Limitación del monto de las indemnizaciones por despido y pago hasta en 12 cuotas, eliminación de multas, salarios “dinámicos” por rendimiento y ajustables a la baja, ajustar los convenios a las posibilidades de la empresa y zona “más desfavorecida”, imposición del banco de horas para eliminar las horas extras, vacaciones al antojo patronal; son los puntos cardinales de una reforma, inventada para que la patronal manotee todo lo que pueda.
…y más indefensos
Otra parte de la reforma laboral apunta a restringir legalmente la organización y la lucha obrera y a disciplinar.
Las asambleas sólo podrán ser convocadas por la conducción gremial, con aviso previo y autorización patronal, no pueden afectar la producción y además se descontarán del sueldo. El derecho a huelga pasa a ser casi una ficción para un gran sector de trabajadores porque una lista enorme de actividades pasan a ser consideradas esenciales o trascendentales y en estas tiene que garantizarse entre el 75% o el 50% del funcionamiento. También se prohíben expresamente las tomas de establecimientos, bloqueos y acciones que impidan la producción y se ponen multas millonarias a las organizaciones sindicales e incluso se habilitan acciones penales contra los participantes.
Por otro lado en las elecciones sindicales sólo tendrán fueros gremiales los titulares electos, no así los suplentes, candidatos no electos o que saquen menos del 5 %. Con esto apuntan a desalentar la participación gremial y en los hechos favorecen al aparato burocrático.

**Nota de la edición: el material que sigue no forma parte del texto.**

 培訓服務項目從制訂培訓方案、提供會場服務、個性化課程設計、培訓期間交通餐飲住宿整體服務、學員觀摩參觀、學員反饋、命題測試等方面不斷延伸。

Como queda claro son todas medidas para dificultar la pelea de los/as trabajadores/as en contra de esa transferencia de ingresos hacia los capitalistas; inclinando la cancha en favor de la patronal.
No es que una ley pueda impedir que nos organicemos para pelear. Siempre se van a poder hacer asambleas afuera de la fábrica, tomar medidas clandestinas, y hacer lo que queramos si los trabajadores de un establecimiento estamos decididos a hacerlo. Nuestra fuerza no nace de tal o cual ley, sino del simple hecho de que la producción la hace la clase obrera, y la economía la mueven los/as trabajadores/as.

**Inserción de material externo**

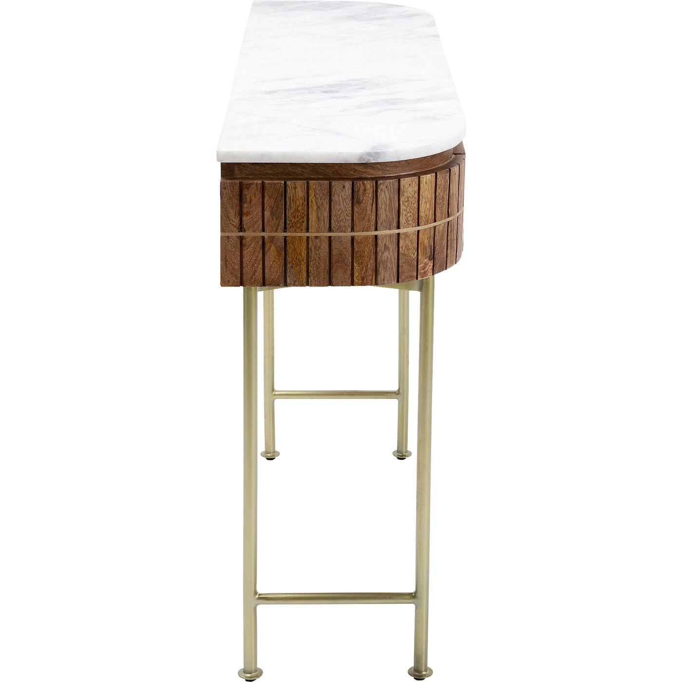 Moderna, sofisticata e con un tocco di lusso: questa consolle porterà la vostra zona giorno a un livello superiore in termini di interior design. La combinazione dei materiali utilizzati è di per sé uno spettacolo. Il tavolo da ingresso in legno di mango massiccio con piano in marmo di alta qualità e gambe dorate è pieno di stile. La forma ovale con modanature decorative su entrambi i lati aggiunge un tocco di unicità. Anche la consolle da parete non è un pezzo unico, grazie alla sua produzione artigianale. La consolle stretta con cassetti è ideale per il corridoio. È anche un ottima toeletta o un tavolino per il bagno (da proteggere dall umidità) o per il soggiorno: un vero e proprio multi-talento!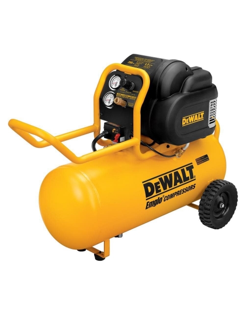 The DEWALT heavy-duty 200 PSI portable air compressor is a powerful yet quiet portable air compressor with a quick recovery time and an oil-free, maintenance-free pump that can run with an extension cord. The durable handle makes it easy to roll or carry this portable air compressor and doubles as a hose wrap. Other features include a high-flow coupler and air regulator to maximize air-tool run time and a durable metal console with easy-to-read gauges.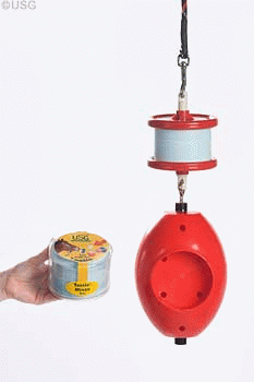 Der rote ovalförmige Ball mit Tastie® Halter wird in die Box, den Stall oder Paddock gehängt.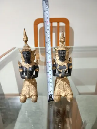 Conjunto de dos figuras decorativas de bronce con un diseño inspirado en el arte asiático. Estas piezas presentan una pose de reverencia y un atuendo detallado. - Material: Bronce - Color: Negro y dorado - Estilo: Asiático - Cantidad: 2 unidades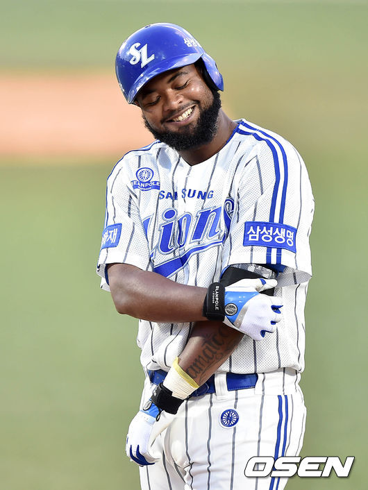 2회말 2사 2루에서 삼성 나바로가 중전 적시타를 치고 미소를 짓고 있다.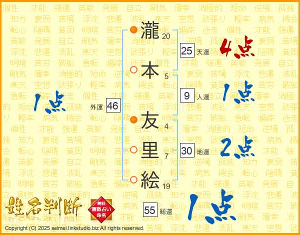 瀧本友里絵さんの天運は25画の4点!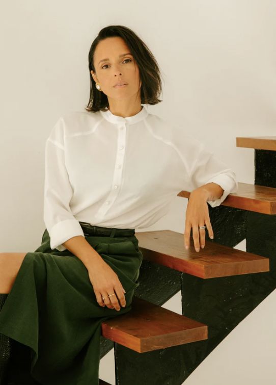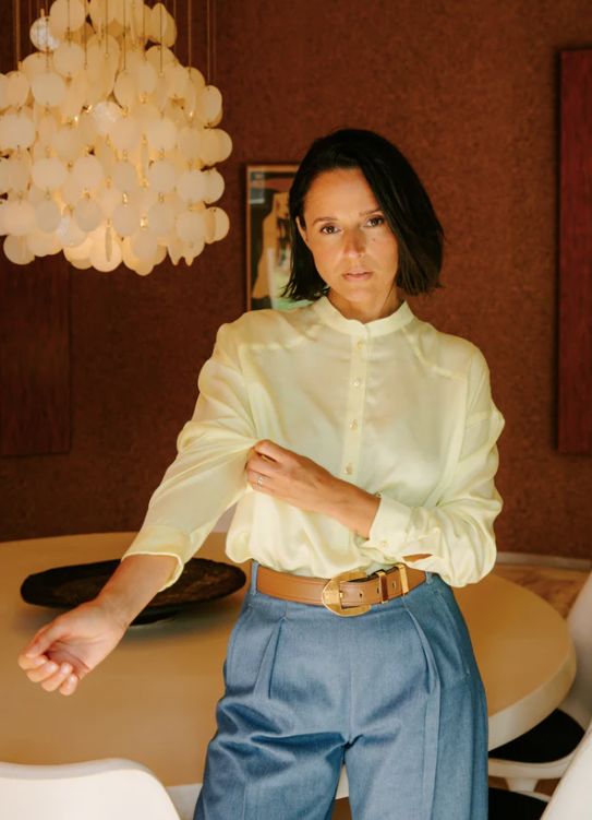L’emmanchure est basse, la coupe est droite et un peu ample, et sa longueur est pensée pour être glissée nonchalamment dans une jupe ou un pantalon.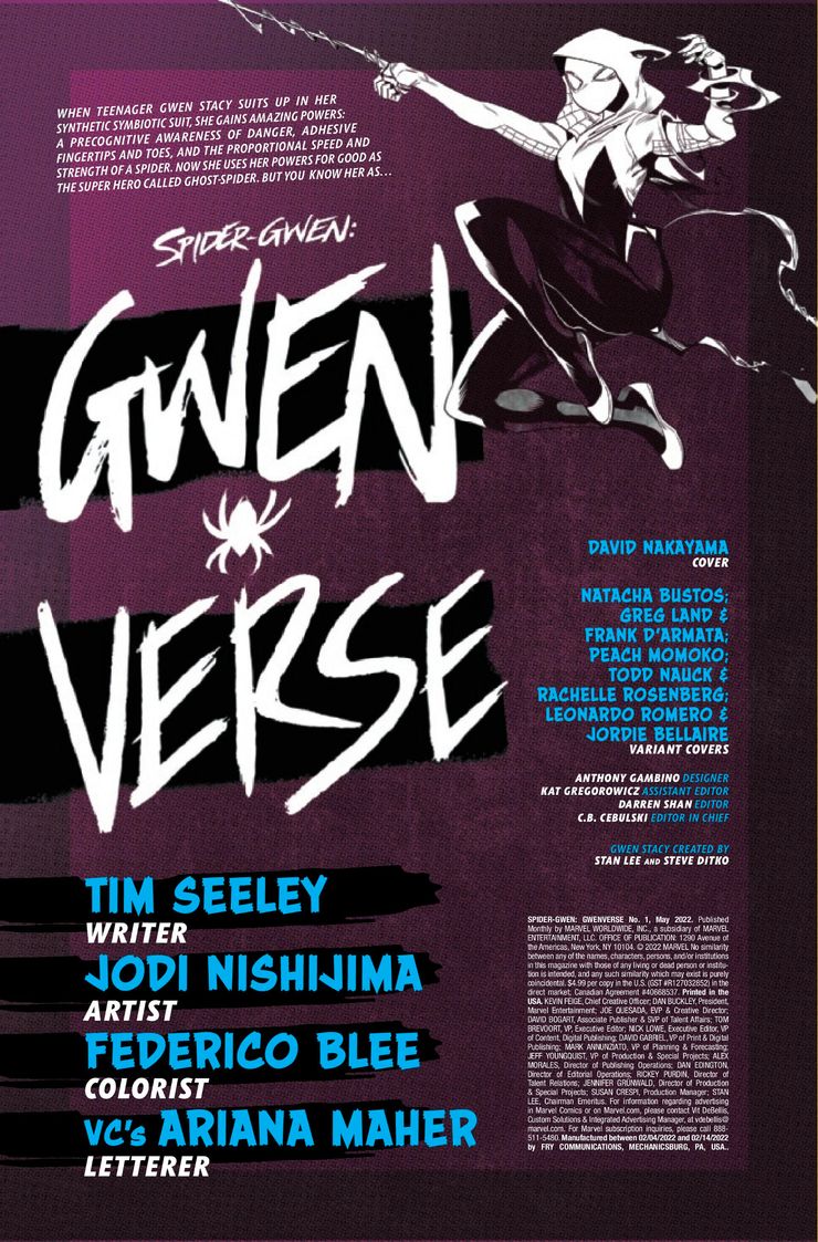 En la vista previa de Spider-Gwen: Gwenverso #1 – por Tim Seeley, Jodi Nishijima, Federico Blee y Ariana Maher – compartido por Marvel Comics, Gwen, que generalmente viaja entre su propia dimensión y el universo central de Marvel de la Tierra-616, tiene un accidente que la deja varada entre los universos. Ella es rescatada por Spider-Zero, un viajero dimensional que también es el Maestro Tejedor de la Red de la Vida y el Destino, la construcción que permite viajar entre las realidades del Multiverso. Al ver que Gwen está herida, Spider-Zero la lleva a la Tierra-65, pero al llegar descubren un mundo muy diferente al que Gwen recuerda.

El problema es que años de democracia, y de control totalitario de los sindicatos por una camarilla de dirigentes adictos al Estado, han impuesto una cultura de respeto y esperanza casi supersticiosa en las leyes, los ministerios y los juzgados. Incluso miles de delegados de base honestos profesan esa creencia. El gobierno y los capitalistas lo saben y apuestan a que el primer impacto ante el cambio abrupto que promueve la reforma laboral posiblemente sea de parálisis y confusión, sin poder coordinar una resistencia efectiva. De todos modos, el fracaso del sindicalismo adicto al Estado puede también ayudar a que desde los lugares de trabajo surja un activismo que no respete los corralitos legales ni los chalecos de fuerza judiciales. Y eso, constituye un peligro mayor para las patronales.
Mucho en juego
Con semejante iniciativa, Milei logró encolumnar a toda la patronal detrás suyo; avanzando en lo que es su segundo objetivo: ganarle la pulseada al sector patronal que quiere una devaluación. Es que Milei apostó su supervivencia política a mantener el dólar estable y “barato”, que diluye la inflación (que sigue existiendo y carcomiendo las bases de su modelo); y sabe que la devaluación que estos sectores piden para “recuperar competitividad”, destruiría ese plan.

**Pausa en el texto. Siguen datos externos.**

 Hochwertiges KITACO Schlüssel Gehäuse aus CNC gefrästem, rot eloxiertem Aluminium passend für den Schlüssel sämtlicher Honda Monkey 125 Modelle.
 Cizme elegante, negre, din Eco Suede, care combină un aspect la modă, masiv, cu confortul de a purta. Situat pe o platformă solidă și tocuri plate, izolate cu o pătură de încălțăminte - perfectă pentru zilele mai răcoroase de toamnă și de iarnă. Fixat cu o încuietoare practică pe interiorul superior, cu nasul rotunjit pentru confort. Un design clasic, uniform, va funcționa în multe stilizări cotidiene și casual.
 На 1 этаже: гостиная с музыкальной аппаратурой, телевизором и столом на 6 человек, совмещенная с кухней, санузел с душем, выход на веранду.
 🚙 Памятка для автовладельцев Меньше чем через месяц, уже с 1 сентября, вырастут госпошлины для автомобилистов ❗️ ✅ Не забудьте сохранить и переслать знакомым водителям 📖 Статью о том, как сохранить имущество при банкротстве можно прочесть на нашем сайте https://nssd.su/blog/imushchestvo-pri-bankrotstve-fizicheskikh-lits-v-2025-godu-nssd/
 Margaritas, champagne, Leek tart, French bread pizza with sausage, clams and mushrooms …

Todo lo cual, explica la obsesión libertaria con esta reforma: si logra hacerla pasar, no solo va a golpear brutalmente a la clase obrera; sino que además va a consolidar el apoyo a su política de mantener el dólar a precio fijo a cualquier costo, aislando a los partidarios de la devaluación. También apuesta a que con el nuevo marco legal de superexplotación los capitalistas tengan “seguridad jurídica” para hacer inversiones y reactivar la economía. Si fracasa, será un golpe durísimo para su modelo; no sólo ante ante la oposición patronal sino ante el pueblo trabajador.